Dataset entries

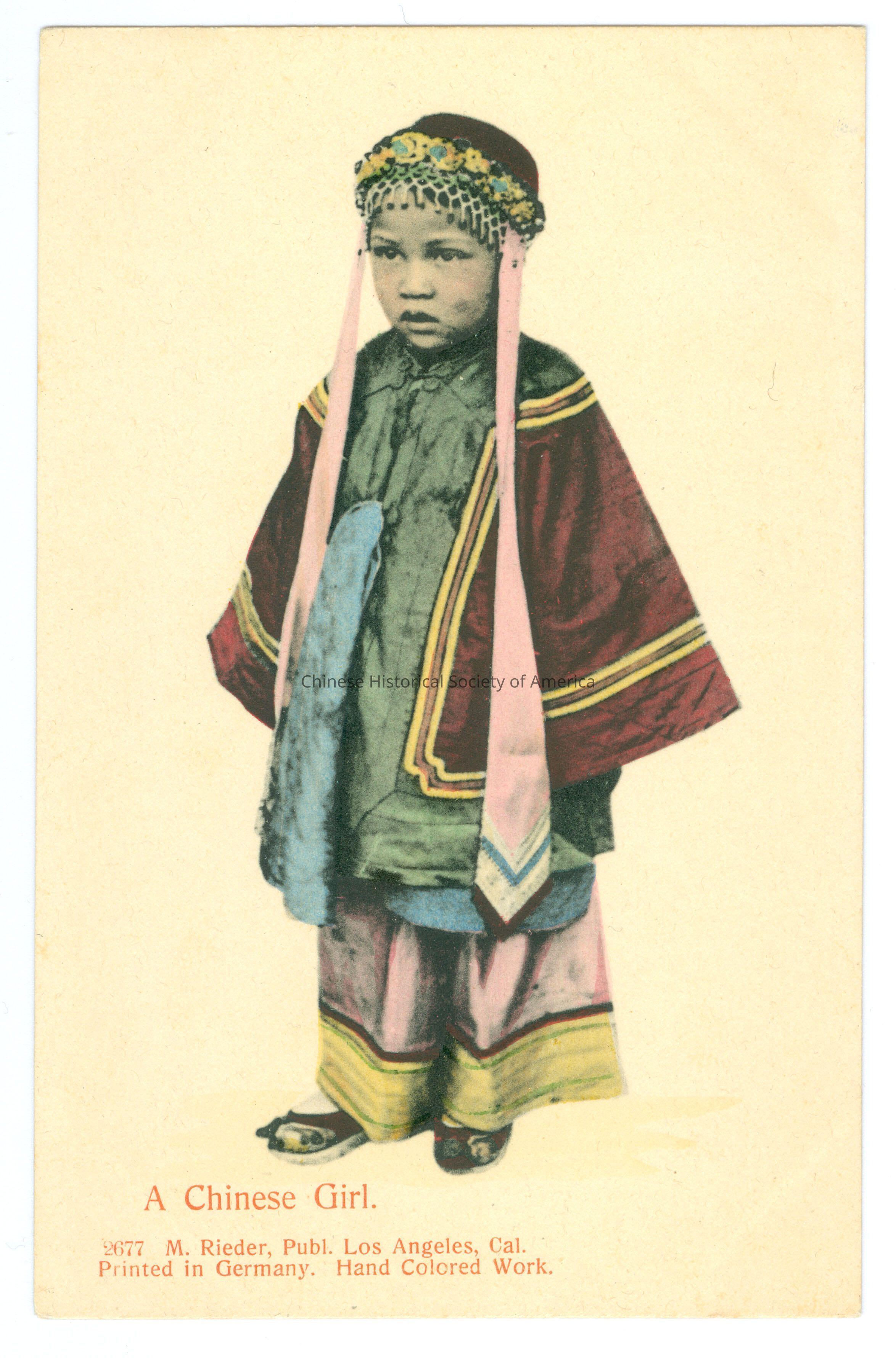 Front: Caption: "A Chinese Girl." "2677 M. Reider, Publ. Los Angeles, Cal. Printed in Germnay. Hand Colored Work." Back: Old Accession #: A)-
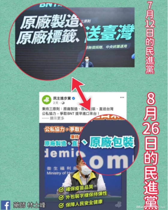 林士峰在臉書(shū)PO文先是提到,民進(jìn)黨8月26日發(fā)文告訴全體民眾,會(huì)秉持三原則“原廠制造、原廠包裝、直送臺(tái)灣”,爭(zhēng)取BNT提早進(jìn)口來(lái)臺(tái)。但他發(fā)現(xiàn),綠營(yíng)上個(gè)月告訴大家的三原則并非如此。
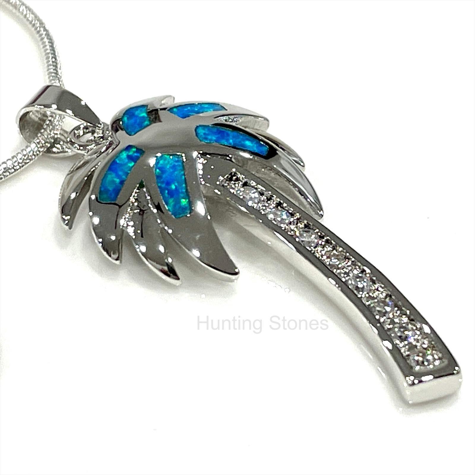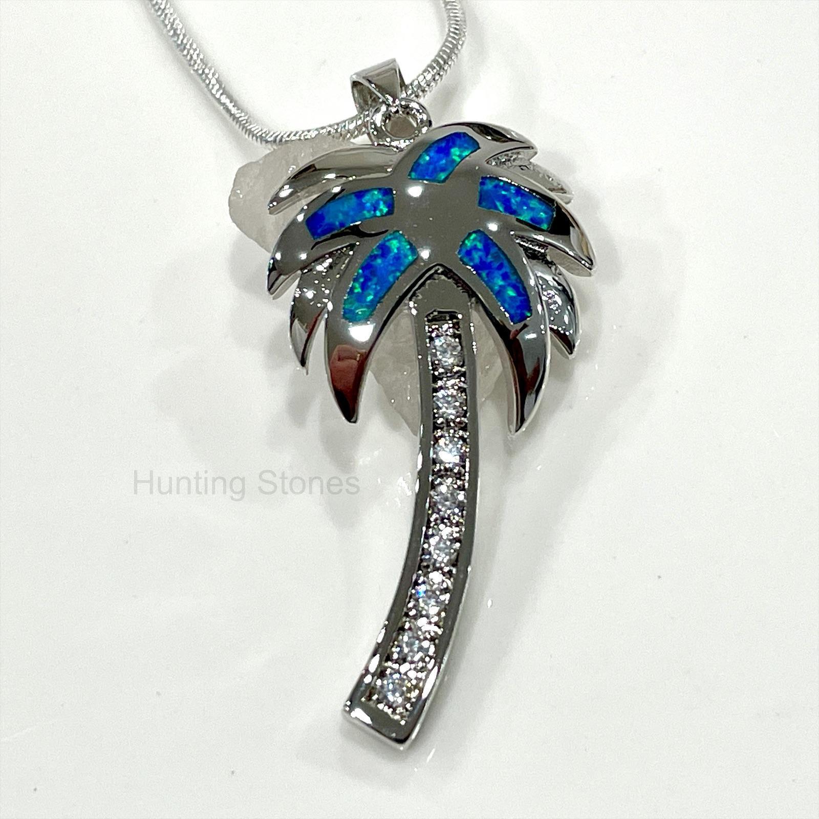 Stunning Blue Fire Opal Palm Tree with Crystals Necklace – Silver inlay 32 mm
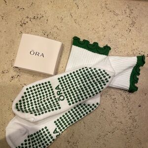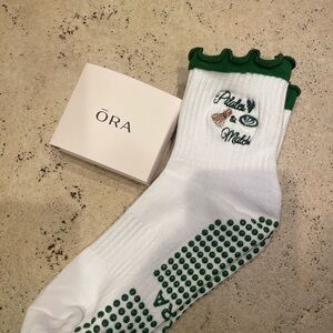Elevate your Pilates routine with these ŌRA grip socks, designed for comfort, stability, and style. Featuring a charming “Pilates & Matcha” embroidery and non-slip grip soles, these socks are perfect for studio workouts or at-home practice.
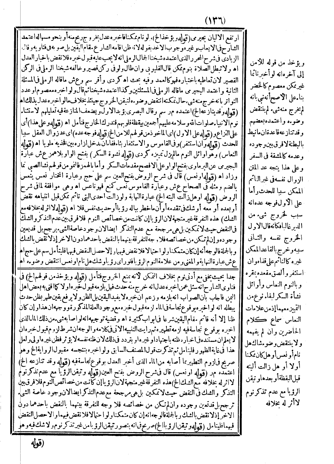 ـــــــــــــــــــــــــــــSجِدًّا بِحَيْثُ يَخْفَى مَعَ أَدْنَى نَوْمٍ بِخِلَافِ التَّمَكُّنِ؛ لِأَنَّهُ يَمْنَعُ الْخُرُوجَ فَتَأَمَّلْ (قَوْلُهُ: وَيُؤْخَذُ مِنْ قَوْلِهِمْ إلَخْ) فِي فَتَاوَى الشَّارِحِ أَنَّهُ سُئِلَ عَمَّنْ أَخْبَرَهُ عَدْلٌ أَنَّهُ خَرَجَ مِنْهُ حَدَثٌ فَهَلْ يَلْزَمُهُ قَبُولُ خَبَرِهِ أَوْ لَا كَمَا أَفْتَى بِهِ بَعْضُ أَهْلِ الْيَمَنِ فَأَجَابَ بِأَنَّ الصَّوَابَ أَنَّهُ يَلْزَمُهُ وَزَعَمَ أَنَّ خَبَرَهُ لَا يُفِيدُ الْيَقِينَ بَلْ الظَّنَّ وَلَا يُرْفَعُ يَقِينُ طُهْرٍ بِظَنِّ حَدَثٍ يُبْطِلُهُ أَنَّهُ لَوْ أَخْبَرَهُ بِوُقُوعِ نَجَاسَةٍ فِي الْمَاءِ لَزِمَهُ قَبُولُ خَبَرِهِ مَعَ وُجُودِ الْعِلَّةِ الْمَذْكُورَةِ وَوَجْهُهُ أَنَّ هَذَا، وَإِنْ كَانَ ظَنًّا إلَّا أَنَّهُ قَائِمٌ مَقَامَ الْيَقِينِ شَرْعًا فِي أَبْوَابٍ كَثِيرَةٍ اهـ.
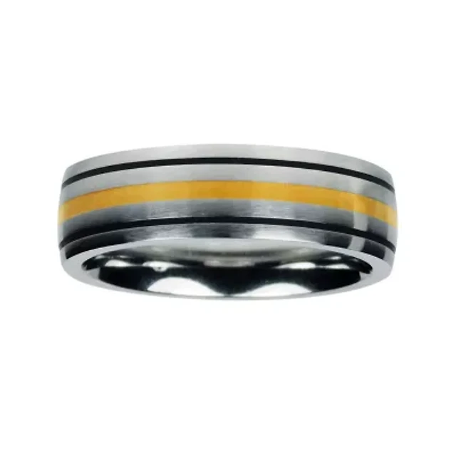 Mens Color-Enhanced Black Diamond-Accent IP Stainless Steel Wedding Band
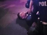 Police in Louisville detain a protester who is pinned to the sidewalk on Thursday night

| Work item |
Give the data again exactly as it appears, but without any images.

| Reply to the exercise |
 Front: Caption: "A Chinese Girl." "2677 M. Reider, Publ. Los Angeles, Cal. Printed in Germnay. Hand Colored Work." Back: Old Accession #: A)-
 林士峰在臉書(shū)PO文先是提到,民進(jìn)黨8月26日發(fā)文告訴全體民眾,會(huì)秉持三原則“原廠制造、原廠包裝、直送臺(tái)灣”,爭(zhēng)取BNT提早進(jìn)口來(lái)臺(tái)。但他發(fā)現(xiàn),綠營(yíng)上個(gè)月告訴大家的三原則并非如此。
 Stunning Blue Fire Opal Palm Tree with Crystals Necklace – Silver inlay 32 mm
Elevate your Pilates routine with these ŌRA grip socks, designed for comfort, stability, and style. Featuring a charming “Pilates & Matcha” embroidery and non-slip grip soles, these socks are perfect for studio workouts or at-home practice.
 ـــــــــــــــــــــــــــــSجِدًّا بِحَيْثُ يَخْفَى مَعَ أَدْنَى نَوْمٍ بِخِلَافِ التَّمَكُّنِ؛ لِأَنَّهُ يَمْنَعُ الْخُرُوجَ فَتَأَمَّلْ (قَوْلُهُ: وَيُؤْخَذُ مِنْ قَوْلِهِمْ إلَخْ) فِي فَتَاوَى الشَّارِحِ أَنَّهُ سُئِلَ عَمَّنْ أَخْبَرَهُ عَدْلٌ أَنَّهُ خَرَجَ مِنْهُ حَدَثٌ فَهَلْ يَلْزَمُهُ قَبُولُ خَبَرِهِ أَوْ لَا كَمَا أَفْتَى بِهِ بَعْضُ أَهْلِ الْيَمَنِ فَأَجَابَ بِأَنَّ الصَّوَابَ أَنَّهُ يَلْزَمُهُ وَزَعَمَ أَنَّ خَبَرَهُ لَا يُفِيدُ الْيَقِينَ بَلْ الظَّنَّ وَلَا يُرْفَعُ يَقِينُ طُهْرٍ بِظَنِّ حَدَثٍ يُبْطِلُهُ أَنَّهُ لَوْ أَخْبَرَهُ بِوُقُوعِ نَجَاسَةٍ فِي الْمَاءِ لَزِمَهُ قَبُولُ خَبَرِهِ مَعَ وُجُودِ الْعِلَّةِ الْمَذْكُورَةِ وَوَجْهُهُ أَنَّ هَذَا، وَإِنْ كَانَ ظَنًّا إلَّا أَنَّهُ قَائِمٌ مَقَامَ الْيَقِينِ شَرْعًا فِي أَبْوَابٍ كَثِيرَةٍ اهـ.
 Mens Color-Enhanced Black Diamond-Accent IP Stainless Steel Wedding Band
 Police in Louisville detain a protester who is pinned to the sidewalk on Thursday night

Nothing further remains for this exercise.